Data records Start Marker
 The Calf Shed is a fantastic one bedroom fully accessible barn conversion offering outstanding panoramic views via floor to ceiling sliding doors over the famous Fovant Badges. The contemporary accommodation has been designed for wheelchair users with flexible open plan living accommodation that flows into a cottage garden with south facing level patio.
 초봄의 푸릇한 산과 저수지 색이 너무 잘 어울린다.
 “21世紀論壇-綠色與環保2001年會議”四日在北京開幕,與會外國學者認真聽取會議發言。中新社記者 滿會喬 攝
Data records End Marker
Data records Start Marker
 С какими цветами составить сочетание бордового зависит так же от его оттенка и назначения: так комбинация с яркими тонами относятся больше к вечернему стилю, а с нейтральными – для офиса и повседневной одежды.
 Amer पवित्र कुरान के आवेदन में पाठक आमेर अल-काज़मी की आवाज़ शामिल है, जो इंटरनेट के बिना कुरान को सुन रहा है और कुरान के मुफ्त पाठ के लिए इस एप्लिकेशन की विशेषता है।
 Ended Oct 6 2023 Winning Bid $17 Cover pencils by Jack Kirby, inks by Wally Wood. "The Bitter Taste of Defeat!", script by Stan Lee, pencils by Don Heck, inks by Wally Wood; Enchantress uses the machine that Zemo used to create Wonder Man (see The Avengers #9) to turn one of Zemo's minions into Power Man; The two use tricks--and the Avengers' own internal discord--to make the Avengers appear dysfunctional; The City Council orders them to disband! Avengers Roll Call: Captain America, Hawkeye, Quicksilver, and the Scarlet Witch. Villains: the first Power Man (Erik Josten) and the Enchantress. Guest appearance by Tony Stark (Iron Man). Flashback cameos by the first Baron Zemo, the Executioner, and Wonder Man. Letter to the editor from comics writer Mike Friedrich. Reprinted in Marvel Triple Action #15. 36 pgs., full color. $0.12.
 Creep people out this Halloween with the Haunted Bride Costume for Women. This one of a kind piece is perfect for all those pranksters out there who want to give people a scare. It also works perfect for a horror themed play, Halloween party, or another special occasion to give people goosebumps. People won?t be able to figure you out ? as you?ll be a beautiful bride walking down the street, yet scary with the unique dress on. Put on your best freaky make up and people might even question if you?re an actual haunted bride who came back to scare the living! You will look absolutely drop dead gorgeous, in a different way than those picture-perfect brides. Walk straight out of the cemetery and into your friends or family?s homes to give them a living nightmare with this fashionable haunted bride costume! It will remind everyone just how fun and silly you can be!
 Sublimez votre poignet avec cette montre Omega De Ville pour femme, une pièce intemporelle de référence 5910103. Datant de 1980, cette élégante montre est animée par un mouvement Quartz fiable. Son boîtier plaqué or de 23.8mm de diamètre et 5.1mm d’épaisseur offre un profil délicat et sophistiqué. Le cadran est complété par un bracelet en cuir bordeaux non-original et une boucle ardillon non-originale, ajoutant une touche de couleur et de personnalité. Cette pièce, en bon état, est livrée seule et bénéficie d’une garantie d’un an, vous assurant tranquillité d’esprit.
Data records End Marker
Data records Start Marker
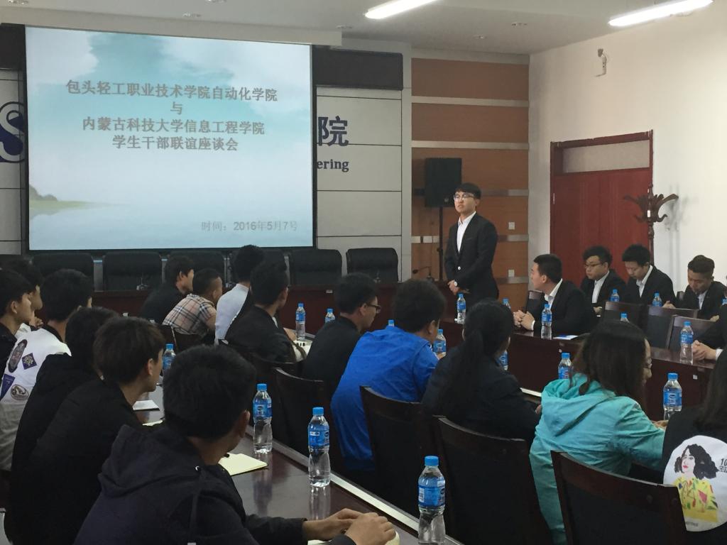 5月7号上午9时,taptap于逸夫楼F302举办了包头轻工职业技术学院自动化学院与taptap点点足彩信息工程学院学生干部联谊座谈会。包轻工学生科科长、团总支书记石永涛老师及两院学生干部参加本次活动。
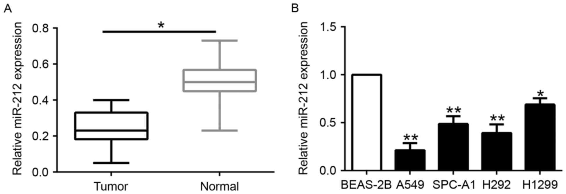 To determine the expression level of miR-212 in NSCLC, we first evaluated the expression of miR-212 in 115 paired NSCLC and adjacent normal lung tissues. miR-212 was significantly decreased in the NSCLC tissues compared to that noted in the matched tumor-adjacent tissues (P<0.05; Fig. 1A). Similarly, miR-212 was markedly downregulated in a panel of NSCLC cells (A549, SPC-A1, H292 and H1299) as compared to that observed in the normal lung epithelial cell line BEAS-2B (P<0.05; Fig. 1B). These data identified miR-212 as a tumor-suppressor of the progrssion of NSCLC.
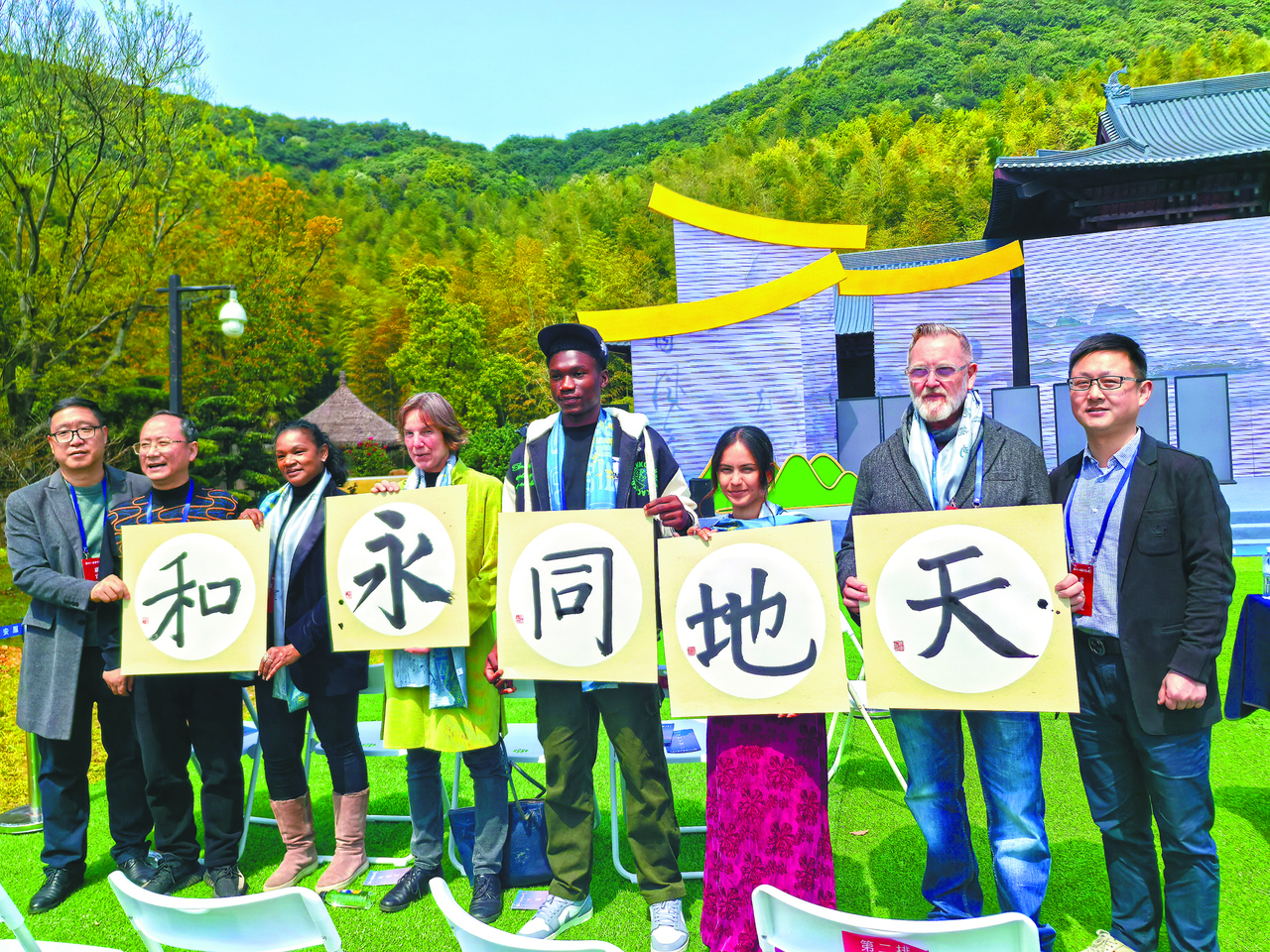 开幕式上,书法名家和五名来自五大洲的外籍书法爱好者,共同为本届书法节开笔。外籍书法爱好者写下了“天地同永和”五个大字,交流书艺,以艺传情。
Data records End Marker
### Description of the task
Copy every line that contains "living" from the listing above.

### Response
 The Calf Shed is a fantastic one bedroom fully accessible barn conversion offering outstanding panoramic views via floor to ceiling sliding doors over the famous Fovant Badges. The contemporary accommodation has been designed for wheelchair users with flexible open plan living accommodation that flows into a cottage garden with south facing level patio.
 Creep people out this Halloween with the Haunted Bride Costume for Women. This one of a kind piece is perfect for all those pranksters out there who want to give people a scare. It also works perfect for a horror themed play, Halloween party, or another special occasion to give people goosebumps. People won?t be able to figure you out ? as you?ll be a beautiful bride walking down the street, yet scary with the unique dress on. Put on your best freaky make up and people might even question if you?re an actual haunted bride who came back to scare the living! You will look absolutely drop dead gorgeous, in a different way than those picture-perfect brides. Walk straight out of the cemetery and into your friends or family?s homes to give them a living nightmare with this fashionable haunted bride costume! It will remind everyone just how fun and silly you can be!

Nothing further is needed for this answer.